Firefox Tracking Flags

(firefox-esr52 unaffected, firefox-esr60 affected, firefox56 unaffected, firefox57 wontfix, firefox58 wontfix, firefox59 wontfix, firefox60 wontfix, firefox61 fix-optional, firefox62 fix-optional)

Details

(crash signature)

Attachments

(1 attachment)

Reporter

Description

2 years ago
This bug was filed from the Socorro interface and is 
report bp-c5858d66-e5bf-48a8-accc-8a0de0171001.
=============================================================
Crashing Thread (0)
Frame 	Module 	Signature 	Source
0 	xul.dll 	mozJSComponentLoader::GetSharedGlobal(JSContext*) 	js/xpconnect/loader/mozJSComponentLoader.cpp:584
1 	xul.dll 	mozilla::ScriptPreloader::DecodeNextBatch(unsigned int) 	js/xpconnect/loader/ScriptPreloader.cpp:1006
2 	xul.dll 	mozilla::ScriptPreloader::InitCacheInternal() 	js/xpconnect/loader/ScriptPreloader.cpp:523
3 	xul.dll 	mozilla::ScriptPreloader::InitCache(nsTSubstring<char16_t> const&) 	js/xpconnect/loader/ScriptPreloader.cpp:425
4 	xul.dll 	mozilla::ScriptPreloader::GetChildSingleton() 	js/xpconnect/loader/ScriptPreloader.cpp:137
5 	xul.dll 	mozilla::ScriptPreloader::GetSingleton() 	js/xpconnect/loader/ScriptPreloader.cpp:94
6 	xul.dll 	NS_InitXPCOM2 	xpcom/build/XPCOMInit.cpp:711
7 	xul.dll 	ScopedXPCOMStartup::Initialize() 	toolkit/xre/nsAppRunner.cpp:1587
8 	xul.dll 	XREMain::XRE_main(int, char** const, mozilla::BootstrapConfig const&) 	toolkit/xre/nsAppRunner.cpp:4861
9 	xul.dll 	XRE_main(int, char** const, mozilla::BootstrapConfig const&) 	toolkit/xre/nsAppRunner.cpp:4960
10 	xul.dll 	mozilla::BootstrapImpl::XRE_main(int, char** const, mozilla::BootstrapConfig const&) 	toolkit/xre/Bootstrap.cpp:45
11 	firefox.exe 	wmain 	toolkit/xre/nsWindowsWMain.cpp:115
12 	firefox.exe 	__scrt_common_main_seh 	f:/dd/vctools/crt/vcstartup/src/startup/exe_common.inl:253
13 	kernel32.dll 	BaseThreadInitThunk 	
14 	ntdll.dll 	__RtlUserThreadStart 	
15 	ntdll.dll 	_RtlUserThreadStart

this cross-platform crash signature is newly showing up in firefox 57 with "MOZ_RELEASE_ASSERT(globalObj)" that got added in bug 1381976.
Hm.

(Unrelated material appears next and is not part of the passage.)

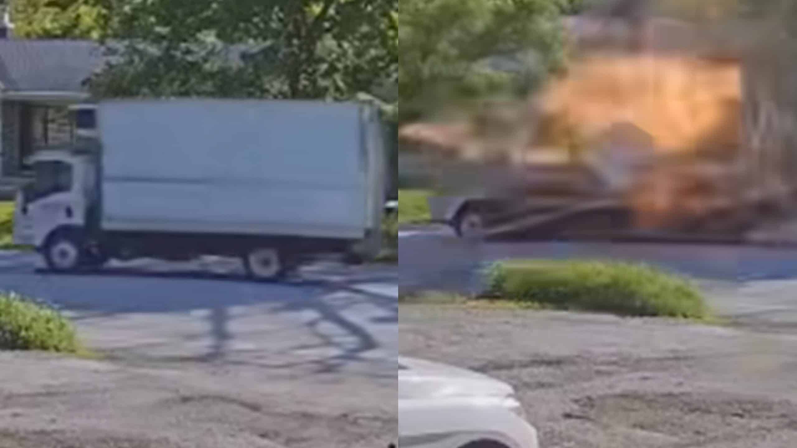 Pamje të kapura nga kamera sigurie në zonë tregojnë momentin e frikshëm kur kamioni, që po udhëtonte në një rrugë rezidenciale, shpërthen në mënyrë të menjëhershme.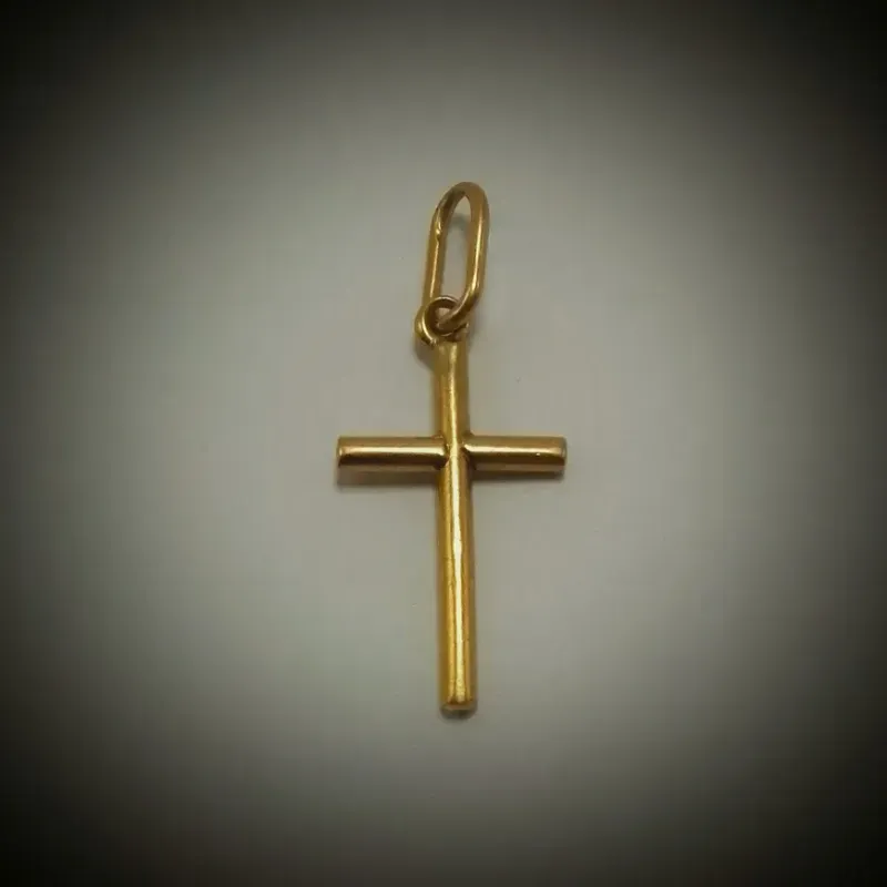 Dije crucifijo bien finito liso sin imagen original 18K, mide 2,2 cm de largo y 1 cm de ancho

This is worrying. The only reason we should expect to fail to create a global at this point is OOM, but all of these users appear to have plenty of available memory.

There's really no way to make this a non-fatal error, though. If we can't create that module global, we can't load JS components, which means we can't start the browser. The only real hope is that it might succeed when we call it a bit later to actually execute the script, rather than just to compile it.

I'll see if I can add some additional assertions to pinpoint exactly where this is failing.
Assignee: nobody → kmaglione+bmo
It looks like this is in the main process, which seems even weirder. Maybe this would have shown up as another crash before shared JSM modules?
(In reply to Andrew McCreight (PTO-ish Oct 1 - 12) [:mccr8] from comment #2)
> It looks like this is in the main process, which seems even weirder. Maybe
> this would have shown up as another crash before shared JSM modules?

Yeah, that's what I'm thinking. It's possible that this is happening now because we're creating the global earlier now, and wouldn't have happened before. But if so, I'd expect it to fail every time, not just for certain users.

Also, before the shared global changes, we would have treated this as a non-fatal error, and passed it on to whoever tried to load the component/module. But failure to load the components we load at startup causes us to abort startup. And failure to load other modules during startup generally makes the browser unusable. So we wouldn't have been in a better position.
Reporter

Updated

2 years ago
See Also: → 1404743
Hey Andy, looks like Kris is on PTO. Suggestions on what to do with htis? Low volume crash but new in 57.
Flags: needinfo?(amckay)
Priority: -- → P1
I'm not on PTO, just still looking into options for debugging this.

So far, it looks like the odds are that this isn't a new issue in 57, just a new failure mode.
Flags: needinfo?(amckay)
Blocks: 1404743
Comment hidden (mozreview-request)

Comment 7

2 years ago
mozreview-review
Comment on attachment 8916165 [details]
Bug 1404741: Don't call mozJSComponentLoader::CompilationScope during URLPreloader critical section.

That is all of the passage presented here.